▸ **Activity**: For this exercise, retype the lines from the one that holds "투어리스트 서울의 나일론" through the one that holds "為使游客有更好的觀演體驗,《" in the records below, both included, exactly and without pictures.

▸ **Records supplied**:
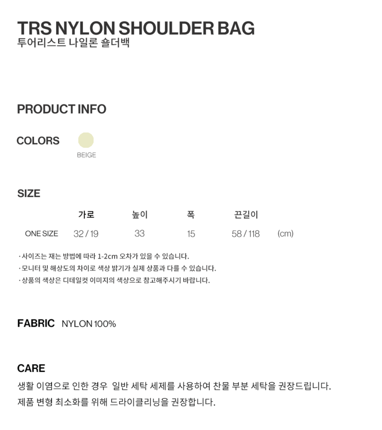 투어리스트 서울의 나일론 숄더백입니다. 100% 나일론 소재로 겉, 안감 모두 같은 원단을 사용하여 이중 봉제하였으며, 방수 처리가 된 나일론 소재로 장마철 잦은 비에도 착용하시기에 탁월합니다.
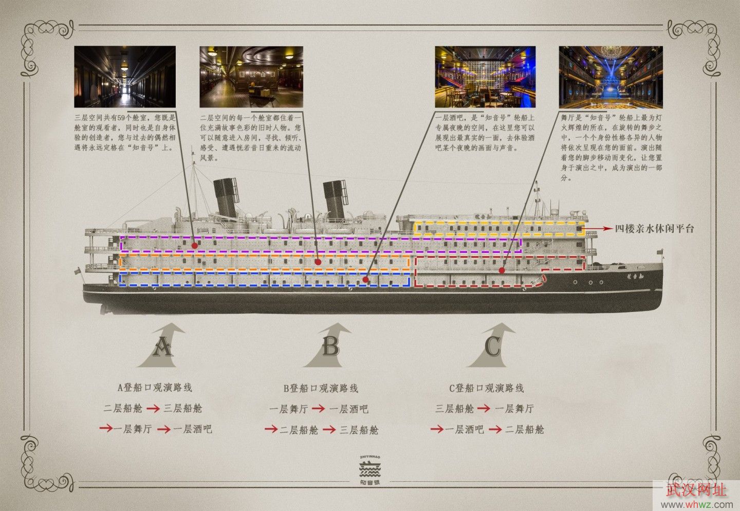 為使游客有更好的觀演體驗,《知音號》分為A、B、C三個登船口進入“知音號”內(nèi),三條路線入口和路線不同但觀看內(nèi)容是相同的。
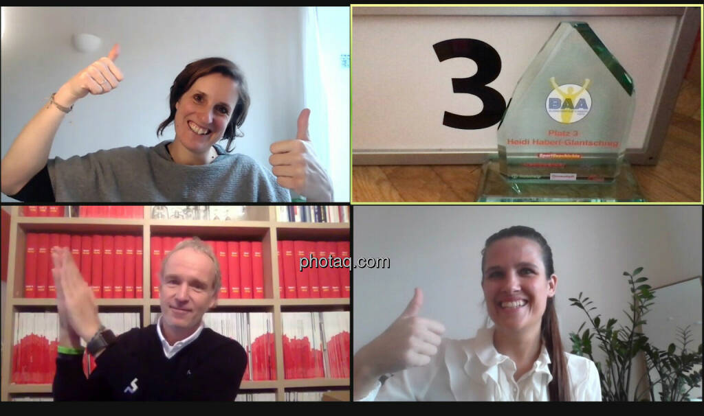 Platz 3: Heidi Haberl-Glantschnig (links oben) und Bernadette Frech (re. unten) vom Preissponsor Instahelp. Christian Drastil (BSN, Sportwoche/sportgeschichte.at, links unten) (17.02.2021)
...
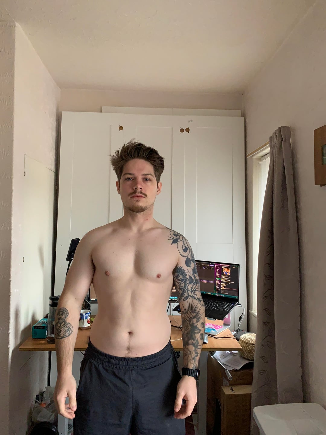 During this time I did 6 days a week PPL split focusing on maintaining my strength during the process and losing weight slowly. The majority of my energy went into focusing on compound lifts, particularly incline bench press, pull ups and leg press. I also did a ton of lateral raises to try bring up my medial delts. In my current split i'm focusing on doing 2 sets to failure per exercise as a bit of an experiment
---
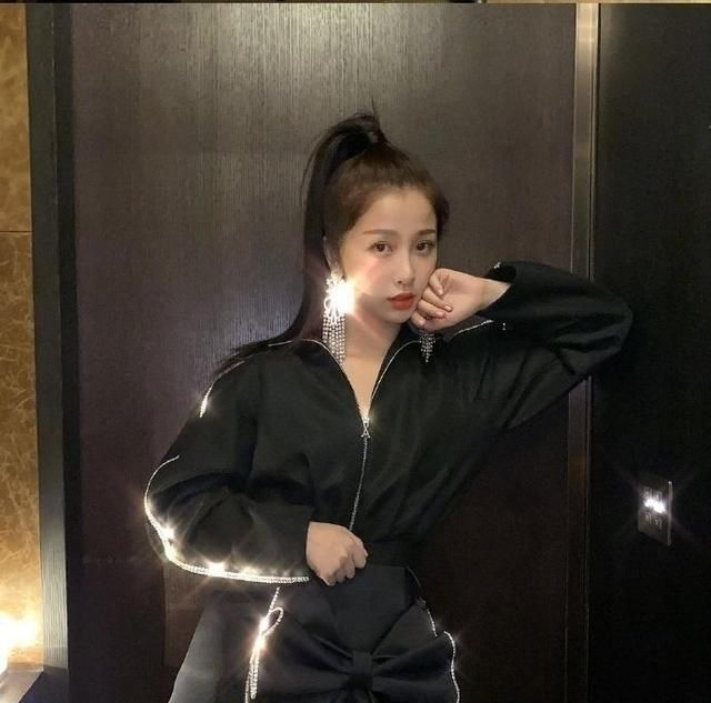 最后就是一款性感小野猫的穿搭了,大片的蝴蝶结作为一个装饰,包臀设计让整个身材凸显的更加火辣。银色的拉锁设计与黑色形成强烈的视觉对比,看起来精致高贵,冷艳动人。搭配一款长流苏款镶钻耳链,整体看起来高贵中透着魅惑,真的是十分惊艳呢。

▸ **Exercise result**:
 투어리스트 서울의 나일론 숄더백입니다. 100% 나일론 소재로 겉, 안감 모두 같은 원단을 사용하여 이중 봉제하였으며, 방수 처리가 된 나일론 소재로 장마철 잦은 비에도 착용하시기에 탁월합니다.
 為使游客有更好的觀演體驗,《知音號》分為A、B、C三個登船口進入“知音號”內(nèi),三條路線入口和路線不同但觀看內(nèi)容是相同的。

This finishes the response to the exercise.